GSoC 2020: implementing real-time metrics for MGGG's Districtr app

Fri Aug 28 2020

tags: programming build public project mggg gsoc internship featured

Introduction

For Google Summer of Code 2020, I implemented a new feature to MGGG's flagship webapp Districtr. Districtr has an existing feature where you can "colour in" districts using a brush tool: each colour represents a different district.

My contribution can be seen in the bottom right corner of the below GIF. As you draw the districts with the brush, three metrics update in real time:

the contiguity status (whether districts drawn are one continuous whole or get broken up in the middle);
The number of cut edges;
How the number of cut edges compares to a sample of plans generated by the Recom redistricting algorithm

Because I know of no way to find contiguity/number of cut edges of a graph partition in-browser, this thus requires server-side computation. In this post, I explain how these metrics are calculated, how I deployed the server that does the calculations, and how I built the front-end to send requests and display the results.

The main PR is #212 where I implement cut edges here (PR #212) but I also implemented contiguity before that here (PR #209)

Understanding the problem

A state can be thought of as a dual graph, and a particular district assignment of precincts to districts is in effect creating a partition of that dual graph. Given this partition of the dual graph we can then calculate out whether or not the subgraphs are contiguous and how many cut edges there are in the partition.
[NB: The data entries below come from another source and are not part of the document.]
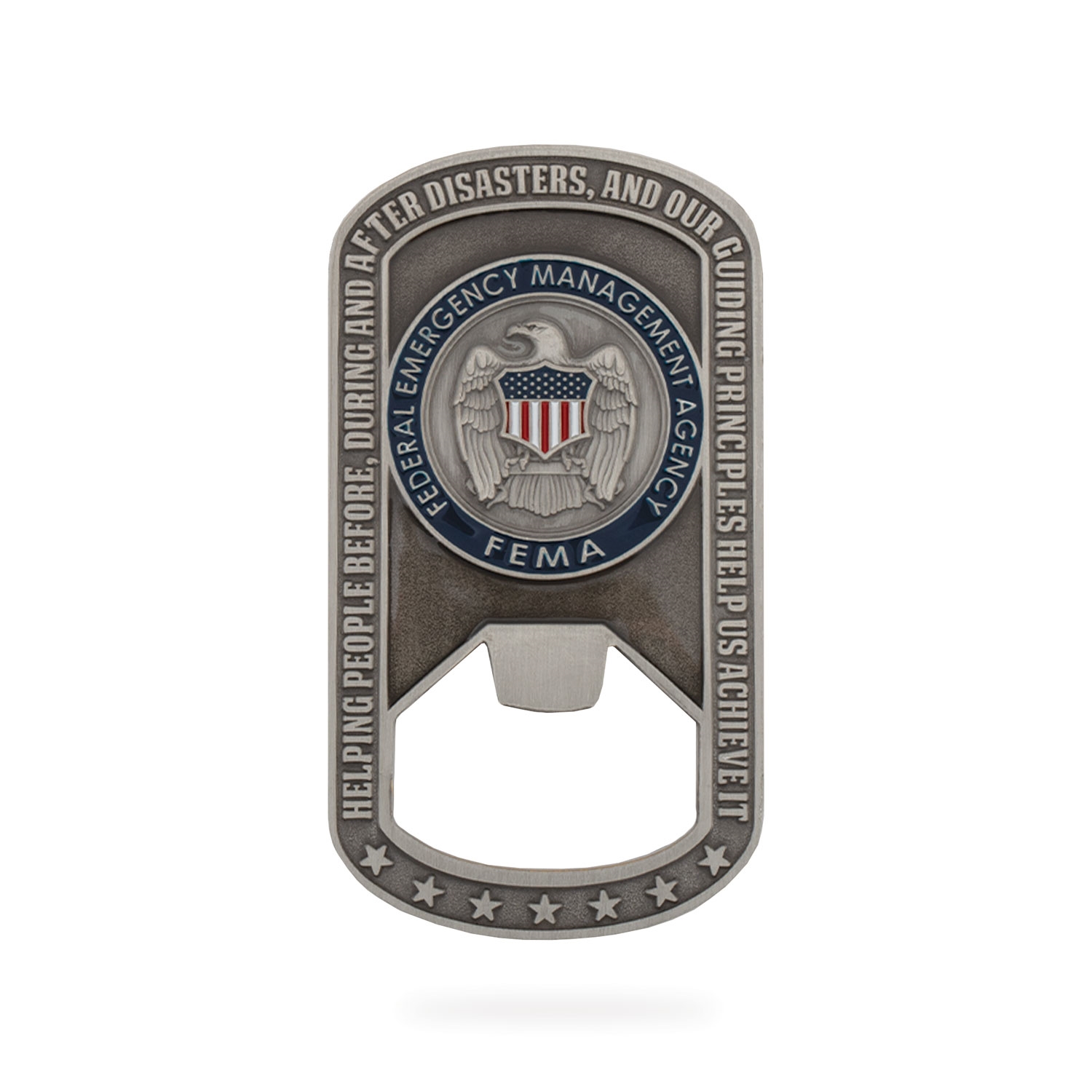 - 2.5″ L Nickel silver finish dog tag/bottle opener coin
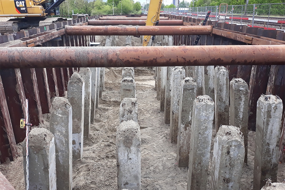 CRUX was ook tijdens de uitvoering actief betrokken. “We ontwierpen onder meer de werkplateaus voor funderingsmaterieel, op basis van een nieuwe richtlijn die hier voor het eerst op grote schaal werd toegepast”, vertelt De Koning. “In combinatie met de slappe ondergrond leverde dat een behoorlijke ontwerp- en uitvoeringsuitdaging op.”
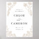 Le design présente une calligraphie vintage élégante inspirée des polices de caractères traditionnelles. Le design comprend une arche florale délicate dessinée à la main et inspirée de treillis de jardin avec des roses, des fleurs et des feuilles entrelacés. Minimaliste et élégant parfait pour mariage traditionnel et jardin.

How should we calculate this? I determined that the best way to do so was to use the GerryChain library (written in Python). The biggest reason is dogfooding: since GerryChain is being actively developed by the MGGG group, it made sense to use GerryChain rather than some other library.

Software infrastructure in brief

This is a very simple client-server model.

The Districtr webapp is built on lit-HTML. The histogram is dynamically drawn with Vega.

The server is a Flask server that calls GerryChain code.

The solution in brief

Upon a brush stroke, the client sends a POST request to the Flask server (hosted on PythonAnywhere).
The server calculates the metrics and sends them as a response to the client.
The client takes the response and rerenders the DOM appropriately.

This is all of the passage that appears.